▶ TASK OBJECTIVE
In the records below, find the line that contains "Canvas Clutch Bag" and the line that contains "1992 Topps #578"; write out exactly those two lines and everything between them, without the pictures.

▶ DATASET CONTENT
####
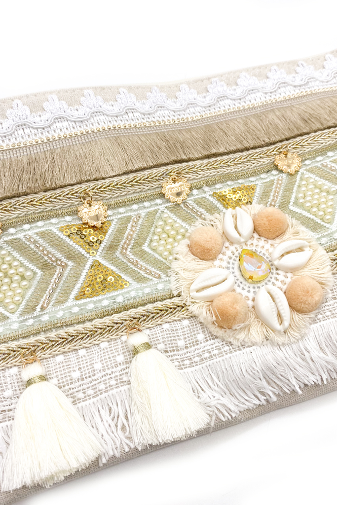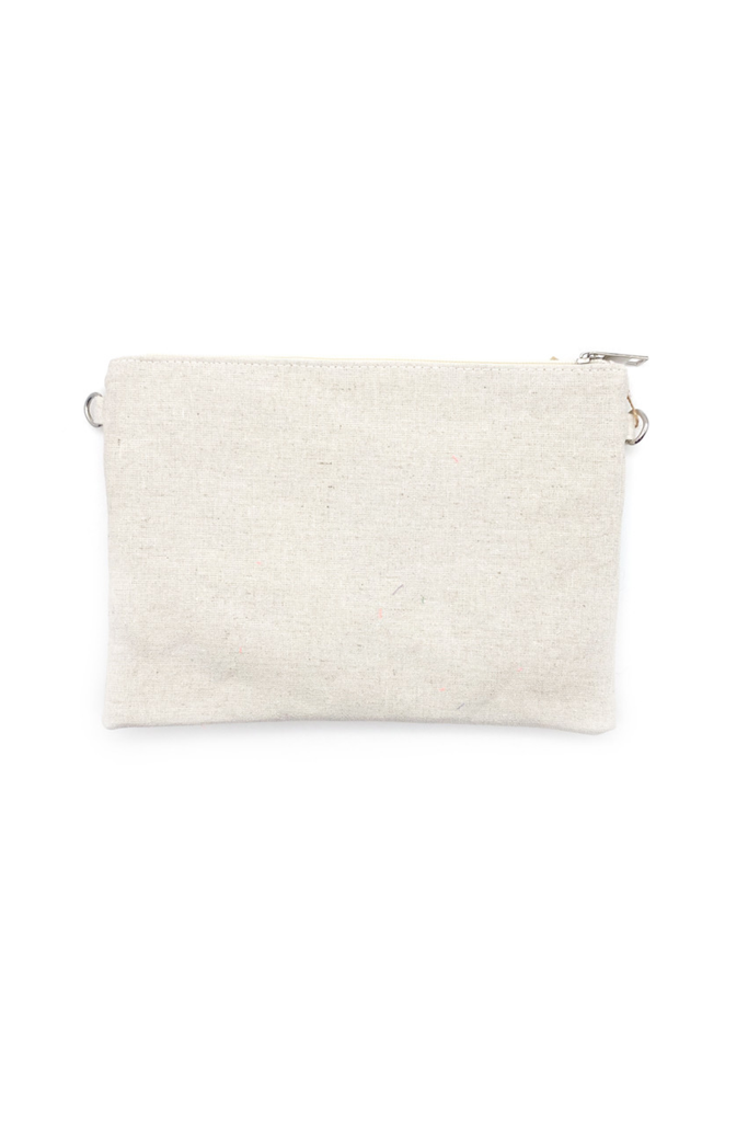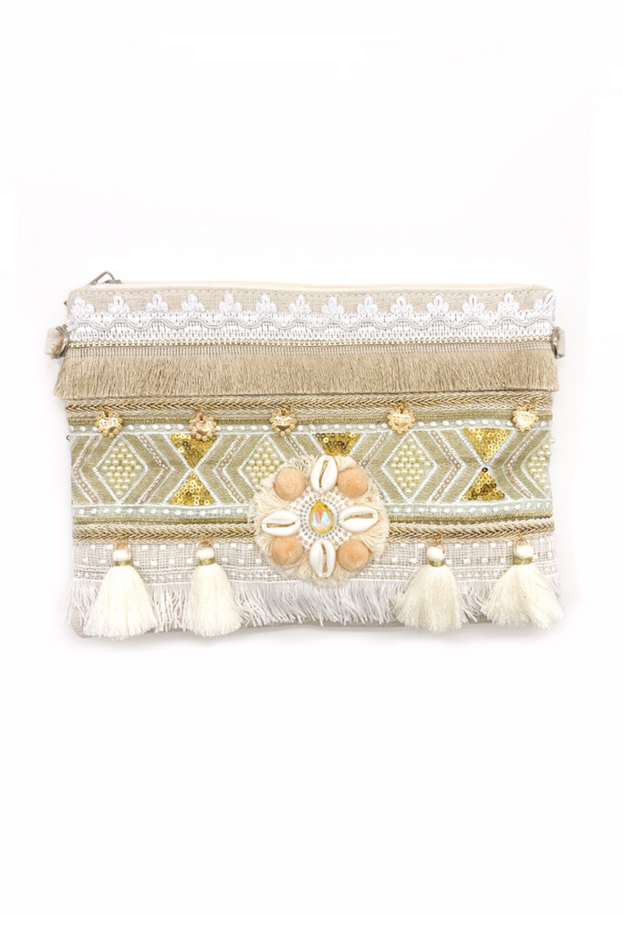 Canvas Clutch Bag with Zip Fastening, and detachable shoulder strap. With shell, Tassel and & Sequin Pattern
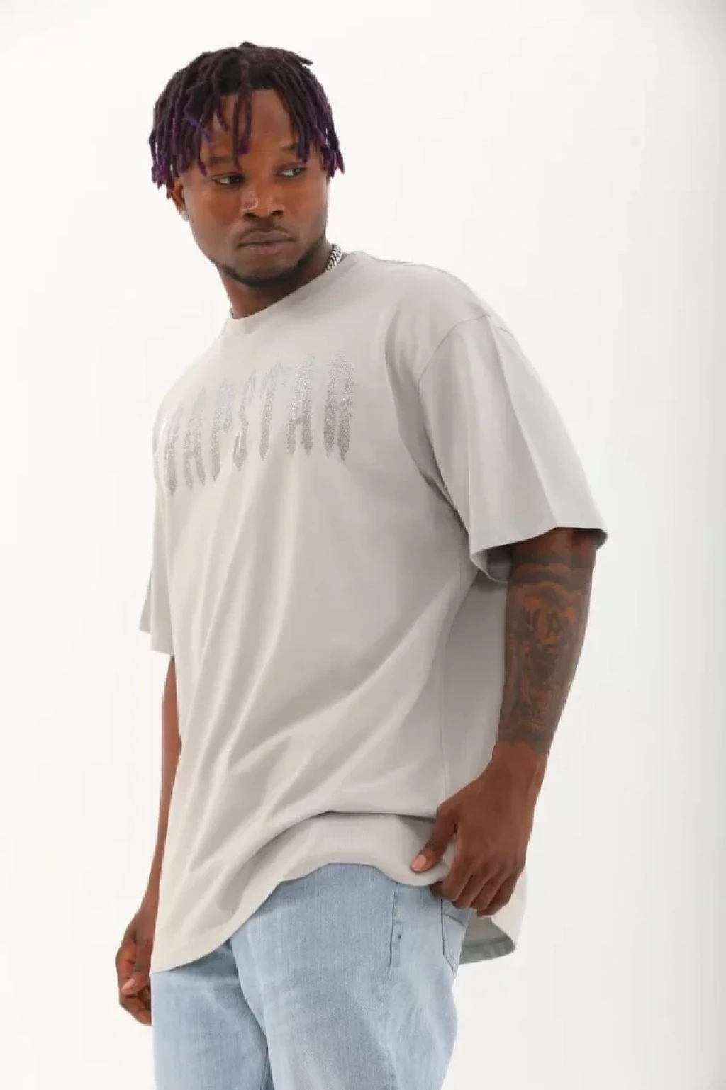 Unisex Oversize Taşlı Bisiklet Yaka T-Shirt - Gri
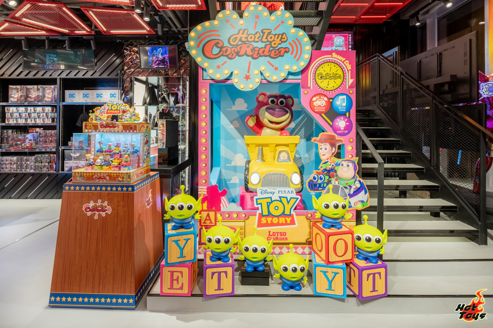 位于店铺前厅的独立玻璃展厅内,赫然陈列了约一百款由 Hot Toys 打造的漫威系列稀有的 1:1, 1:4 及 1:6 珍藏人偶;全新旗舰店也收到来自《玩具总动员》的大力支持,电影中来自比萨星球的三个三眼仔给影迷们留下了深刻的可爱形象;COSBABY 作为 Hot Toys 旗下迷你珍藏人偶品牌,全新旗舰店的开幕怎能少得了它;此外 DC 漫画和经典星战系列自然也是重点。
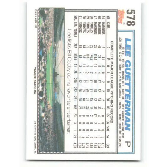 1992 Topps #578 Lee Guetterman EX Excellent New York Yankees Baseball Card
####
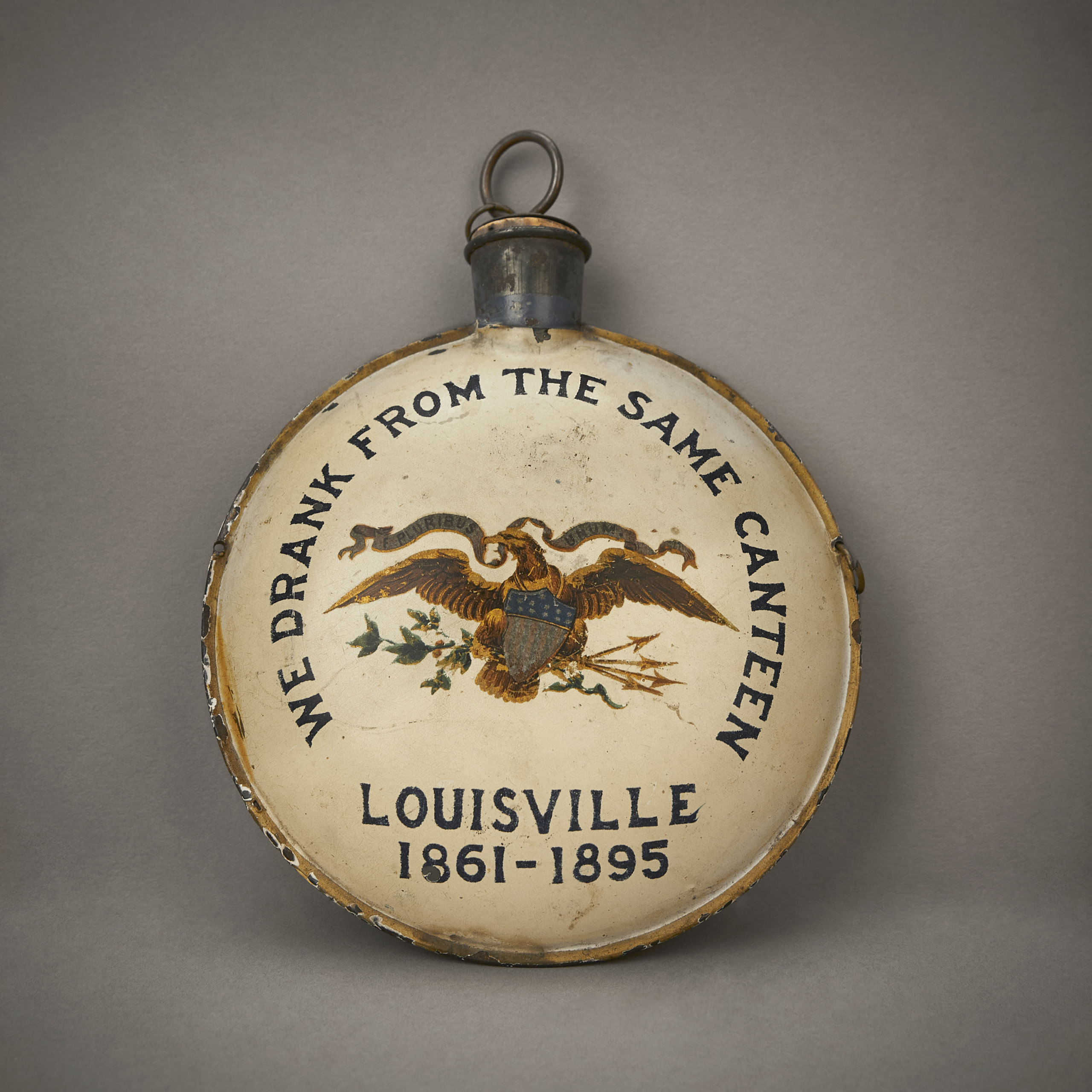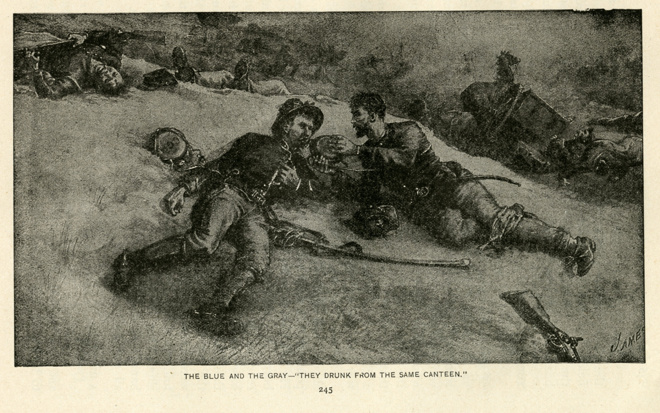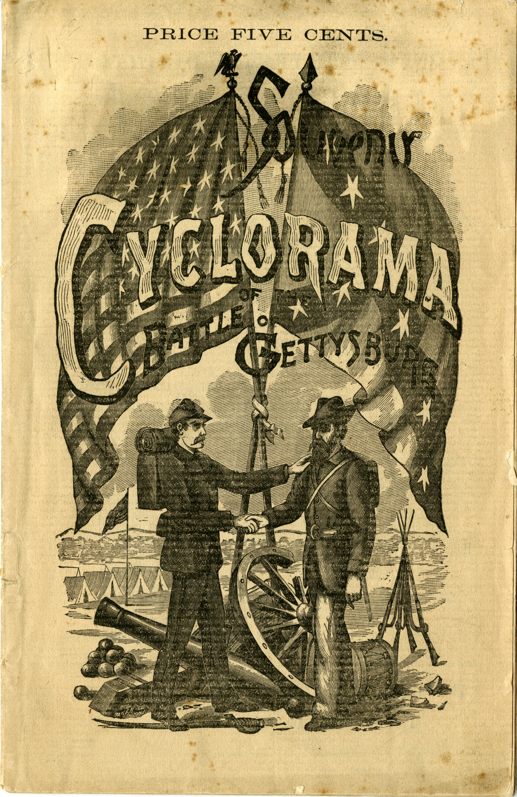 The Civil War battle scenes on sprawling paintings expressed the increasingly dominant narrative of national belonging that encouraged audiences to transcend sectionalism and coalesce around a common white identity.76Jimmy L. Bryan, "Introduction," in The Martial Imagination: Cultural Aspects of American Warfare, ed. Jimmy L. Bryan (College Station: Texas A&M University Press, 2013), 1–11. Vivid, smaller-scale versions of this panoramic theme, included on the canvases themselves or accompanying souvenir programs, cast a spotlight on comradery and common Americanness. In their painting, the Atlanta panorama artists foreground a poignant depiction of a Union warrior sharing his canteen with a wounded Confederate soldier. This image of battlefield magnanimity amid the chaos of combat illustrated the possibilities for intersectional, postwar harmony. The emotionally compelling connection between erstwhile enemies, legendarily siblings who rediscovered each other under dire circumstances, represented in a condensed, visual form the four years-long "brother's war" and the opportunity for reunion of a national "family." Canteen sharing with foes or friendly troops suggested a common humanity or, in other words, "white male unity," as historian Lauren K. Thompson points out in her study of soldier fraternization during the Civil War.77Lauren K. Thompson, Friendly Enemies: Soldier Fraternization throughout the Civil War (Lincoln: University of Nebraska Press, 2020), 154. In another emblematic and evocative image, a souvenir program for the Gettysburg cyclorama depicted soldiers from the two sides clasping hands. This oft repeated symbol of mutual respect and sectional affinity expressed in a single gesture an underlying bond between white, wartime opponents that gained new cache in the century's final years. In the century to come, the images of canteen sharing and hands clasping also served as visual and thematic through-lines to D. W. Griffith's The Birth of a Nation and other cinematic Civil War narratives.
####
▶ EXERCISE RESPONSE
 Canvas Clutch Bag with Zip Fastening, and detachable shoulder strap. With shell, Tassel and & Sequin Pattern
 Unisex Oversize Taşlı Bisiklet Yaka T-Shirt - Gri
 位于店铺前厅的独立玻璃展厅内,赫然陈列了约一百款由 Hot Toys 打造的漫威系列稀有的 1:1, 1:4 及 1:6 珍藏人偶;全新旗舰店也收到来自《玩具总动员》的大力支持,电影中来自比萨星球的三个三眼仔给影迷们留下了深刻的可爱形象;COSBABY 作为 Hot Toys 旗下迷你珍藏人偶品牌,全新旗舰店的开幕怎能少得了它;此外 DC 漫画和经典星战系列自然也是重点。
 1992 Topps #578 Lee Guetterman EX Excellent New York Yankees Baseball Card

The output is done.